Telegram, LINE, Slack, Email, and API adapters only perform:

1. receive
2. verify
3. normalize to `ConversationEvent`
4. send `OutboundMessage`

Channel adapters must not call LLMs, call MCP tools, decide approval, or embed
business logic. Channel escaping, token resolution, delivery retry, and
provider message IDs remain adapter responsibilities.

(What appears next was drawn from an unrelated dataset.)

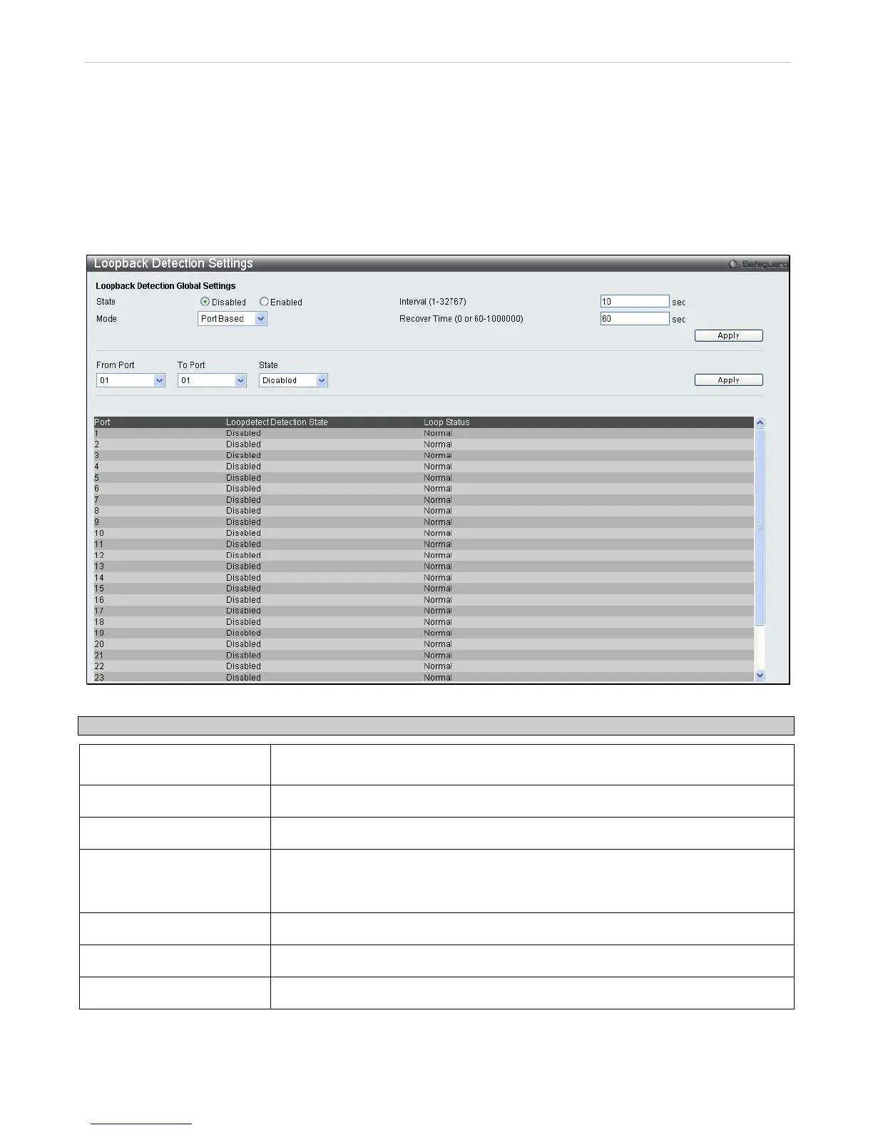 out. The Loopback Detection function can be implemented on a range of ports at a time. The user may enable or
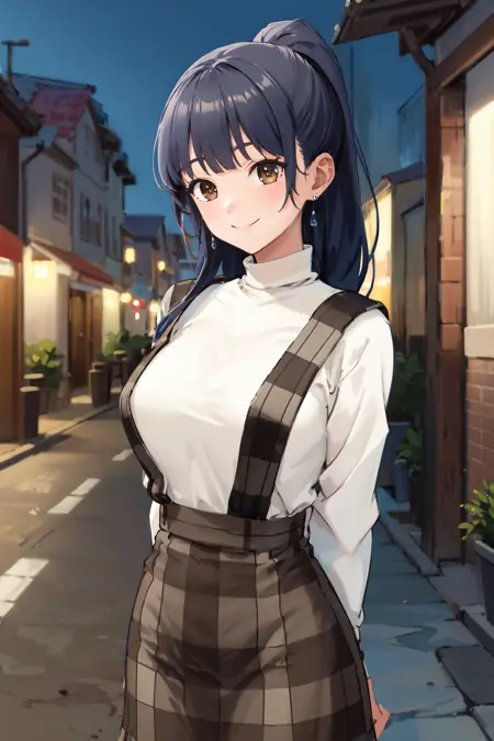 - bbanna,long hair,ponytail,bangs,earrings,large breasts,white sweater,turtleneck,suspender skirt,plaid skirt

### D9 - Migrate by Strangler Fig

No production path should be replaced in one cutover. Migration must progress by
tenant and capability:

1. `shadow`: platform receives mirrored events, writes audit/trace only, no user
   response and no external side effects.
2. `canary`: platform can respond to selected low-risk traffic, side effects
   disabled by default.
3. `read_only`: read-only queries and business chat move first.
4. `suggest`: analysis and recommendations move next, approval still external.
5. `auto_remediate`: write/execute tools move only after Gateway, approval,
   replay, and audit evidence are green.

AWOOOI must also become a tenant (`project_id=awoooi`) instead of keeping a
privileged private path forever.

## Contract Baselines

### C1 - Project / Tenant Contract

Project is the smallest isolation unit.

Minimum contract fields:

- `project_id`
- `display_name`
- `status`
- `environments`
- `data_boundary`
- `platform_resources`
- `budget`
- `rate_limits`
- `allowed_agents`
- `allowed_channels`
- `approval_gates`
- `status_policy`

Invariants:

- `project_id` is immutable after creation.
- Data boundary enforcement happens at data/Gateway APIs, not in prompt text.
- Budget hard stop rejects cloud model calls with `BUDGET_EXCEEDED`.
- Agent calls outside `allowed_agents` return `AGENT_NOT_PERMITTED`.
- Project overrides may tighten permissions, never loosen them.
- Migration state lives in `project_migration_state`, not the stable project
  contract record.
- `suspended` behavior must explicitly define channel, model, and MCP access.

### C2 - Agent Contract

Agent Contract answers who the agent is, what it can do, what its interfaces are,
and its highest safety boundary.

Minimum contract fields:

- `agent_id`
- `base_agent_ref`
- `version`
- `lifecycle_status`
- `role`
- `capability_tags`
- `risk_class`
- `privacy_ceiling`
- `artifact_refs`
- `interface`
- `context_policy`
- `mcp_requirements`
- `execution_profile`
- `governance`

Invariants:

- Published versions are immutable.
- `base_agent_ref` must include a version range and resolve to an audited exact
  version at runtime.
- Prompt and schema artifacts require hashes.
- Agent requirements are not permissions; Gateway decides actual tool access.
- Agent output is LLM payload only. Runtime attaches trace, cost, policy, and
  validation metadata.
- `requires_approval` is calculated by runtime from project, agent, policy, and
  Gateway rules, not trusted from LLM output alone.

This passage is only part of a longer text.